Ron Medvescek / Staff
Heather Chase, founder of Models With Conscience, is a Tucson-based model and author whose group promotes the use of products developed without animal research and which do not contain animal byproducts. Chase likes to "snuggle and cuddle" with her horse, an activity that's "good for my heart."
International group's founder a Tucson-based advocate for all creatures
By Kimberly Matas
ARIZONA DAILY STAR
Heather Chase, an only child, grew up with kittens for playmates.
Those early bonds enhanced her innate love of animals. It wasn't until she saw a neighbor beating his dog that Chase realized not everyone shared her views about animals.
Those early childhood events shaped her decision to become an advocate for all creatures. Four years ago, the Tucson-based model and author founded Models With Conscience, an international group of models of various ages, sizes and nationalities dedicated to promoting animal-friendly products and causes. MWC is not an agency. It takes no money for recommending its models to companies that do not test products on animals or use animal byproducts in their cosmetics, household goods, foods or clothing lines.
MWC also operates a Web site that offers options for consumers who want to maintain a compassionate lifestyle, Chase said. MWC has 30 members from the United States, United Kingdom, Australia, Israel and Canada.
To further educate the public, Chase wrote a book, "Beauty Without the Beasts: A Guide to Cruelty-Free Personal Care" (Lantern Books, $15). It is a primer for anyone interested in adopting the habits MWC promotes.
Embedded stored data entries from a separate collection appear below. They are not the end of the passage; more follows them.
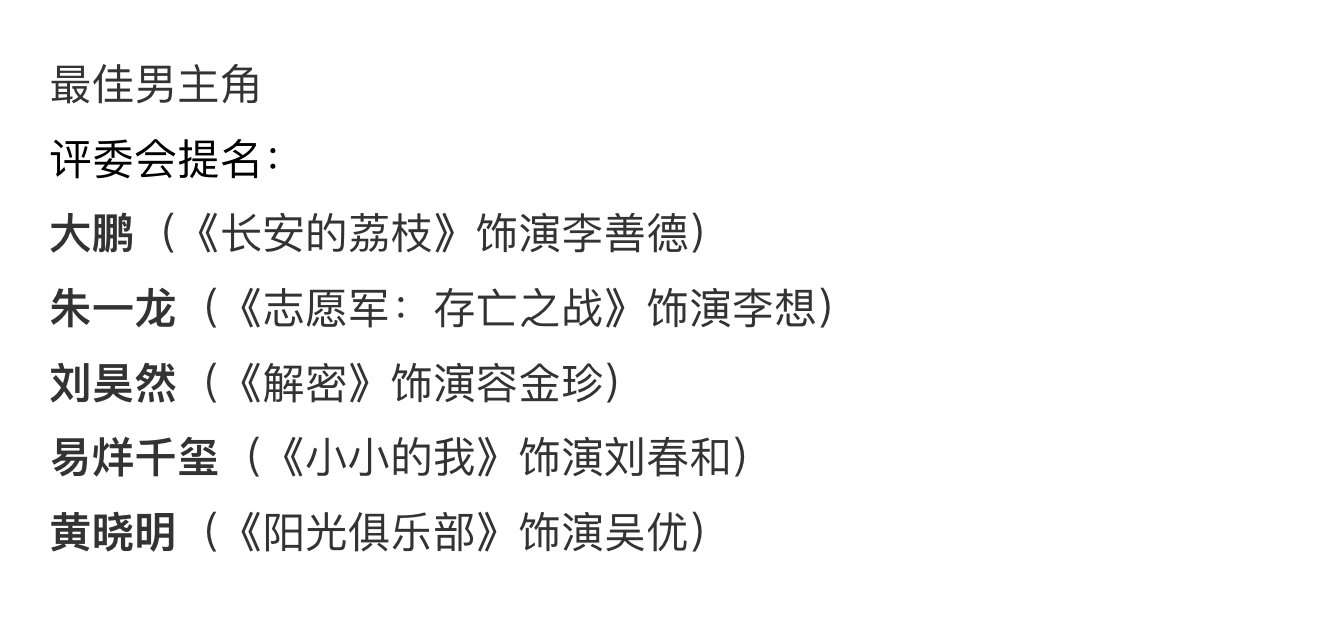 而最佳男主角之爭無疑是本屆頒獎禮的最大焦點,競爭已進入白熱化。朱一龍、易烊千璽兩位「頂流」均被提名。85後演員朱一龍二獲金雞獎提名,這也是其第二次與易烊千璽同台角逐影帝寶座。朱一龍在《志願軍:存亡之戰》中飾演李想,透過單一人物刻畫了志願軍光榮而悲壯的英雄歷史。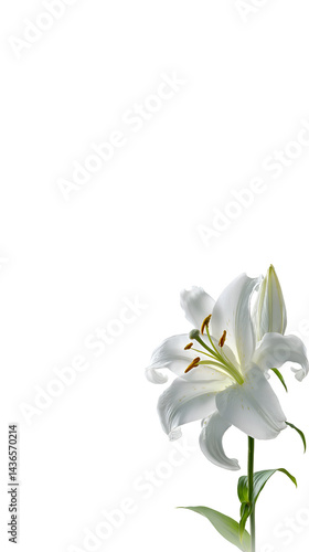 © kim jji, Naklejka premium Elegant White Calla Lily on Transparent Background – Realistic High-Quality Flower Illustration for Sympathy, Memorial, Wedding, or Thank You Designs.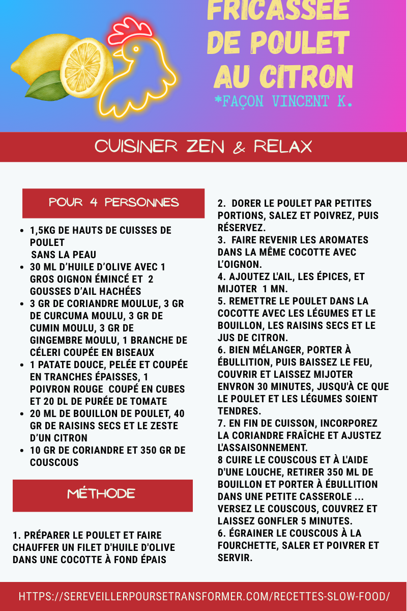 La prĂ©paration dâune fricassĂ©e de poulet au citron est une exploration intĂ©rieure.Â

Now she is working on a book titled "Heroes of Hope," offering "profiles of 16 heroes from recent history who helped the world through nonviolence," she said.
Because Chase and her husband, Ken Beller, often travel, they have no house pets now.
"It wouldn't be fair to have a pet at home," Beller said. They do have a horse, though, boarded with a trainer on the far- West Side of town. Smart Lil' Satch is a 6-year-old sorrel quarter horse gelding with a coat that glistens a brilliant orange-brown in the morning sun. About four times a week, the two come out to ride Satch.
"We got him mostly for his mellow disposition," Chase said. "When you ask him to go, he goes full blast, and 30 seconds later he's almost asleep."
Beller and Satch enter reining and working-cow competitions, which require rider and horse to perform a series of maneuvers and move a cow around an arena in a specific pattern. The competitions do not include any calf roping or rodeo-type wrangling, Beller and Chase are quick to point out.
"She gives him fun; I give him work," Beller said.
"I just like to snuggle him," Chase added. "It's wonderful for me to have a companion animal. I'm using my mind so much (writing and working on Models With Conscience). It's a very mental way of helping animals, and I can come out here and snuggle and cuddle with him, and it's good for my heart.
"Through my whole life, as a toddler being an only child, cats were my siblings. I really bonded with animals from an early age. When I grew up and realized some people didn't feel the same, it really hurt my heart."
Chase has less experience riding than her husband, so she prefers a slower pace when taking Satch into the arena.
"I completely trust him," she said. When Chase is atop Satch, "he just kind of plops around the arena like a pony ride."
Soon Satch will have company in the stable. Chase's aunt in Colorado is sending her a 14-year-old thoroughbred named Baby Girl so the couple can go on trail rides together.
"It's so nice to come out here and reconnect with the animals and nature," Chase said as she leaned against the arena fence and watched Beller put Satch through his paces.